A day late and a dollar short: summarizing prediction errors of time series and spatial models

How does one measure the fit of a model to data? Supppose data are (y_1,…,y_n), and the estimate from the model is (x_1,…,x_n). Then one can simply measure fit by the correlation of x and y, or by the root-mean-squared error (the square root of the average of the (y_i-x_i)^2’s).

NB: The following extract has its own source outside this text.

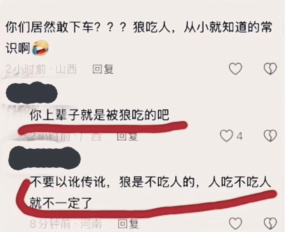 让6岁女儿近距离投喂野狼火腿肠?距离近到头皮发麻。 前几天刚刷到有人和雪豹近距离拍照被咬的,今天又刷有宝妈让6岁的孩子近距离投喂野狼,而宝妈还在后边笑嘻嘻举着手机录像,这简直是现实版舍不得孩子套不着狼。 就在1月28号,青海玉树的可可西里无人区中一宝妈带着6岁的孩子出来旅游,看到过来讨食投喂网红狼后,居然把车停在了无人区路边,带着女儿就直接下了车。随后让孩子拿着火腿肠吸引野狼过来近距离投喂。 当时野狼和孩子的距离有多近?可以说几乎是贴近到孩子的脚边进食,这个距离已近到一旦野狼失控去咬孩子,那是完全来不及躲避。而这位宝妈却一点也不担心,反而全程笑嘻嘻的举着手机录像。这也就幸亏6岁女孩没事,但凡狼把她当成小零食叼走了,这位宝妈估计转头就得大闹青海文旅,质问为什么要在无人区饲养野生狼。 事后这位亲妈还把视频发布到网上,配了一个十分欢快的bgm,很快视频就引起了网友们热议,多数网友纷纷责怪这位宝妈不该让孩子近距离投喂野狼。但不乏也有人评论说:“野狼不吃人”。咱就是说你是狼吗?你咋就知道它不吃?要是真出事了你负责吗?

When the n data points have structure, however, such simple pointwise error measures may miss the big picture. For example, suppose x and y are time series (that is, the n points are in a sequence), and x is a perfect predictor of y but just lagged by 2 time points (so that x_1=y_3, x_2=x_4, x_3=y_5, and so forth). Then we’d rather say that our error is “a lag of 2” rather than looking at the unlagged pointwise errors.

More generally, the lag need not be constant; thus, for example, there could be an error in the lag with standard deviation 1.3 time units, and an error in the prediction (after correcting for the lag) with standard deviation 0.4 units in the scale of y. Hence the title of this entry.

We have applied this idea to examples in time series and spatial statistics. Summarizing fitting error by a combination of distortion and additive error seems like a useful idea. It should be possible to do more by further decomposing fitting error.

For more, see the paper by Cavan Reilly, Phil Price, Scott Sandgathe, and myself (to appear in the journal Biometrics).